* [Exercise description]: Give the listing again, word for word, and let no picture into it.

* [Data segment]:
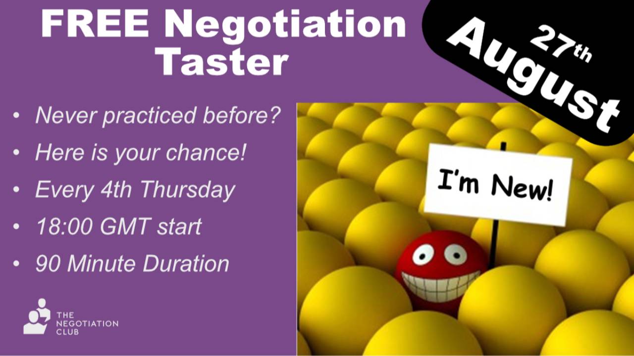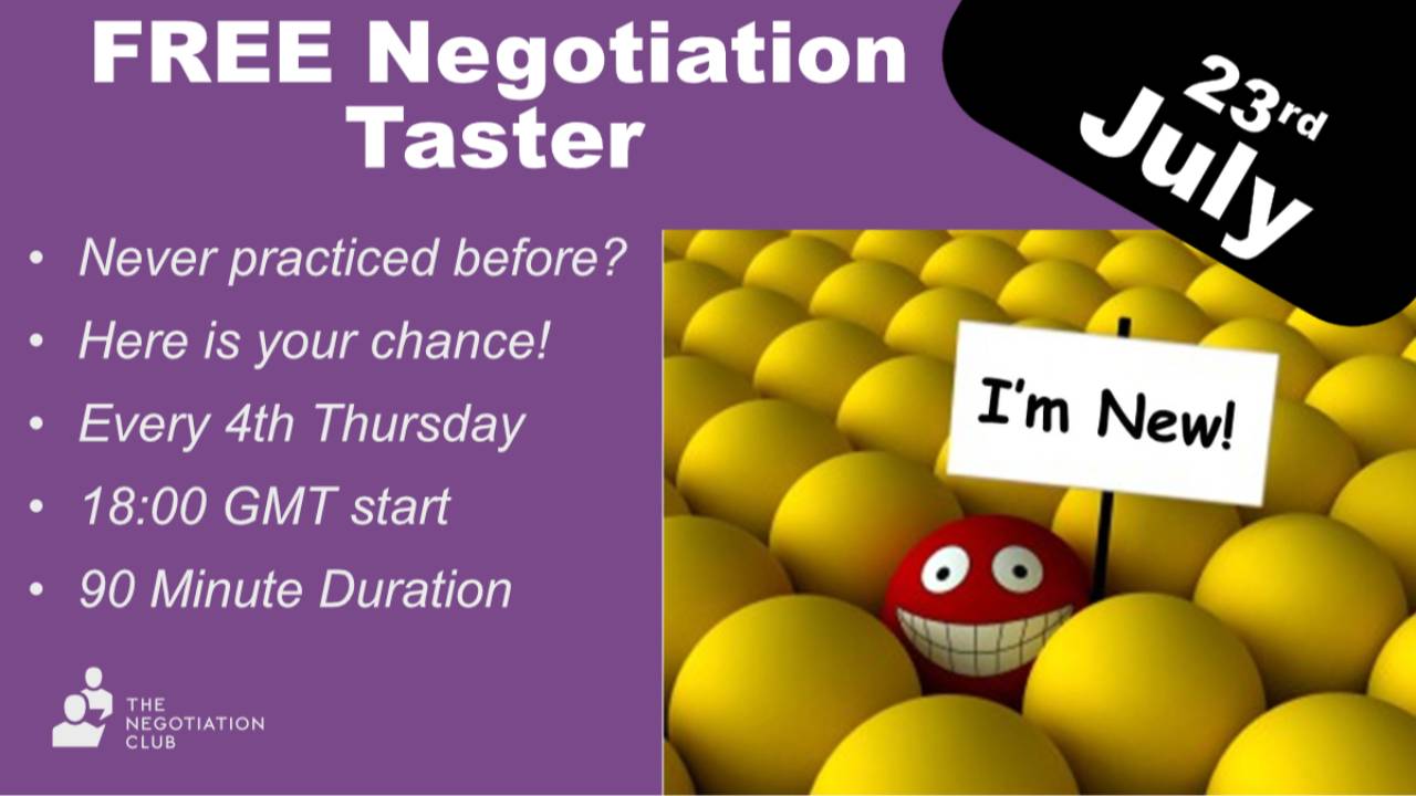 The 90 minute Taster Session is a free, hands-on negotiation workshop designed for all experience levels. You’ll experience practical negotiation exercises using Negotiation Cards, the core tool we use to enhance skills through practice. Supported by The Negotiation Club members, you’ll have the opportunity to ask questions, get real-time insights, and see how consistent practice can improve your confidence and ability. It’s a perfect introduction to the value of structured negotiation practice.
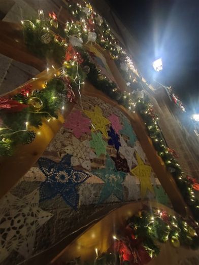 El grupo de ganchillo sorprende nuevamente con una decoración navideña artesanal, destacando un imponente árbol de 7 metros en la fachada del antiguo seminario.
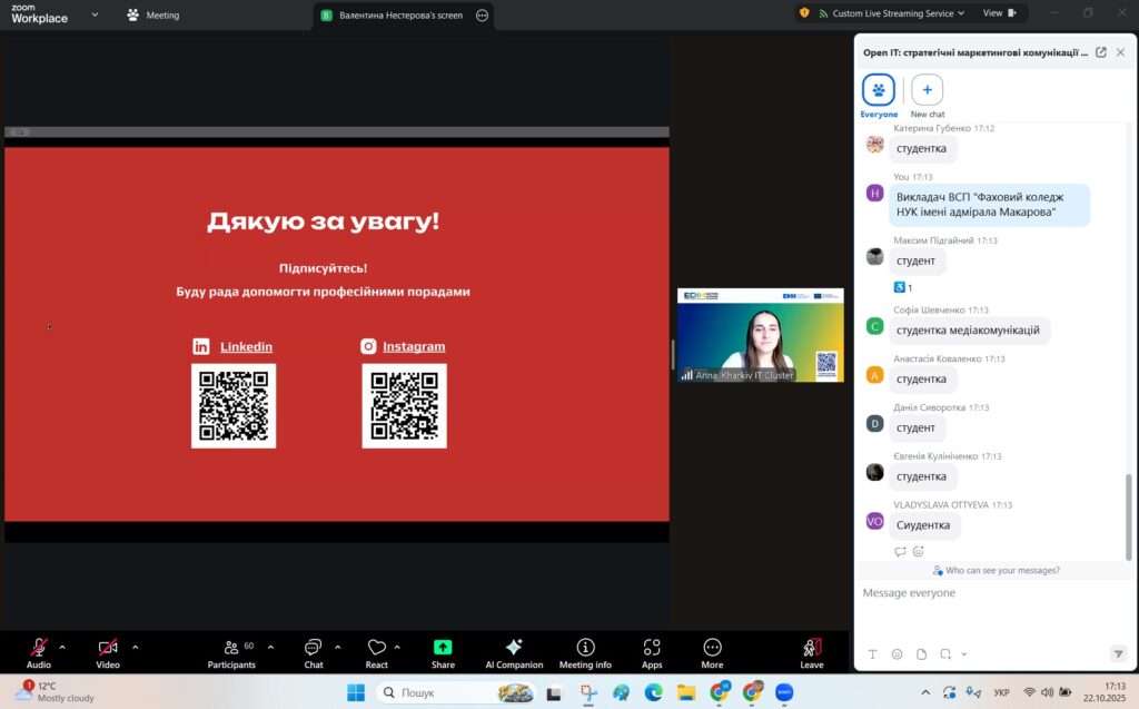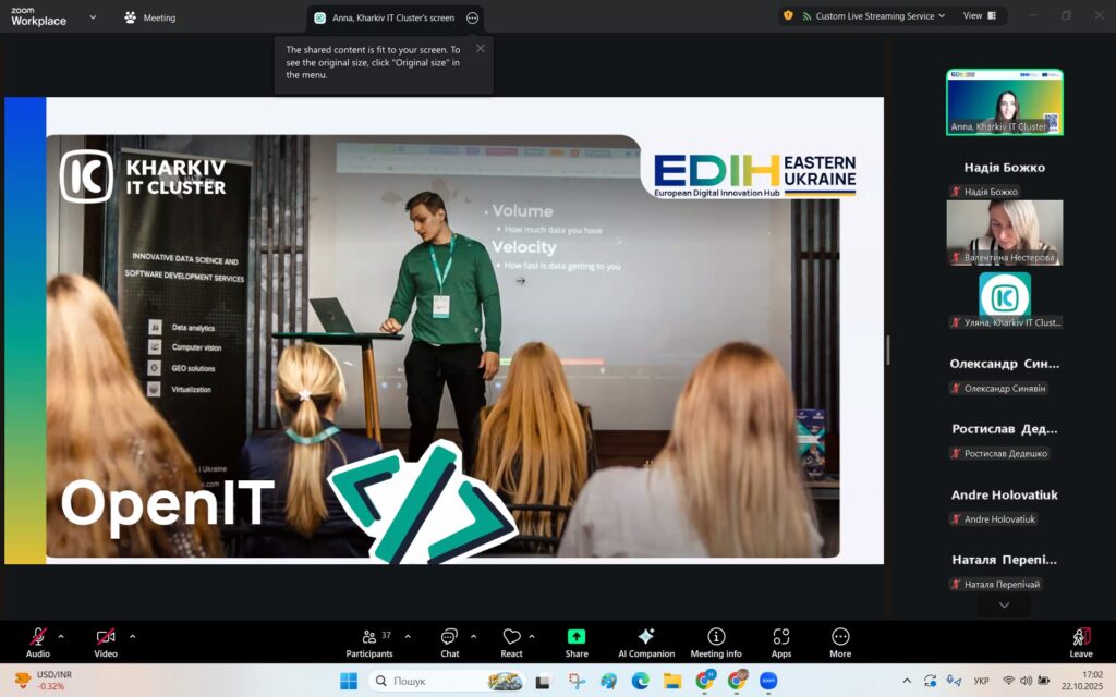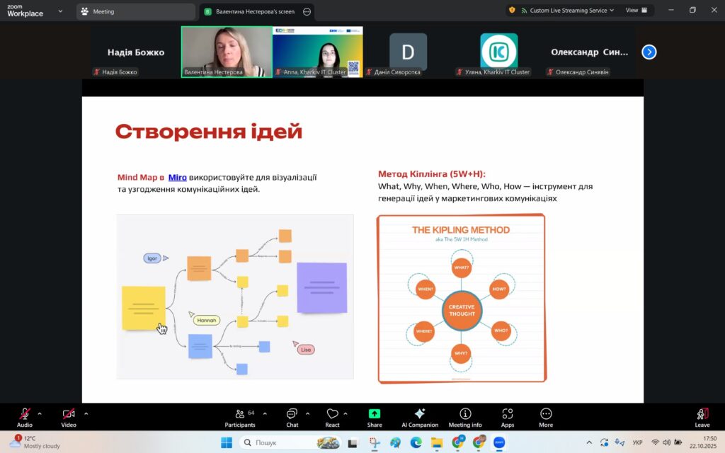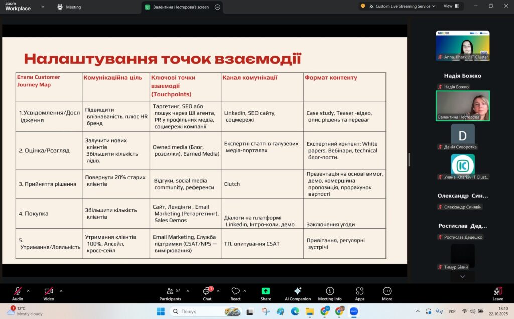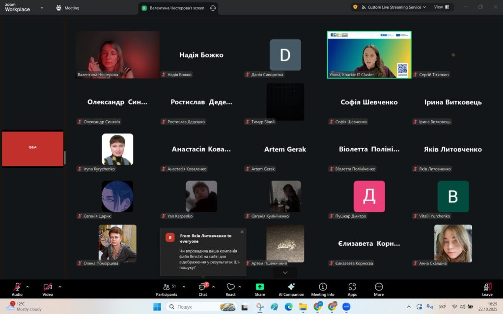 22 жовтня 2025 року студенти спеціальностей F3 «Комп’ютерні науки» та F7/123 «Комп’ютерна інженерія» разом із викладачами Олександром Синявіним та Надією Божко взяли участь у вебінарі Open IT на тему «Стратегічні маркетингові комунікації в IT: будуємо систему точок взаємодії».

* [Solved exercise]:
 The 90 minute Taster Session is a free, hands-on negotiation workshop designed for all experience levels. You’ll experience practical negotiation exercises using Negotiation Cards, the core tool we use to enhance skills through practice. Supported by The Negotiation Club members, you’ll have the opportunity to ask questions, get real-time insights, and see how consistent practice can improve your confidence and ability. It’s a perfect introduction to the value of structured negotiation practice.
 El grupo de ganchillo sorprende nuevamente con una decoración navideña artesanal, destacando un imponente árbol de 7 metros en la fachada del antiguo seminario.
 22 жовтня 2025 року студенти спеціальностей F3 «Комп’ютерні науки» та F7/123 «Комп’ютерна інженерія» разом із викладачами Олександром Синявіним та Надією Божко взяли участь у вебінарі Open IT на тему «Стратегічні маркетингові комунікації в IT: будуємо систему точок взаємодії».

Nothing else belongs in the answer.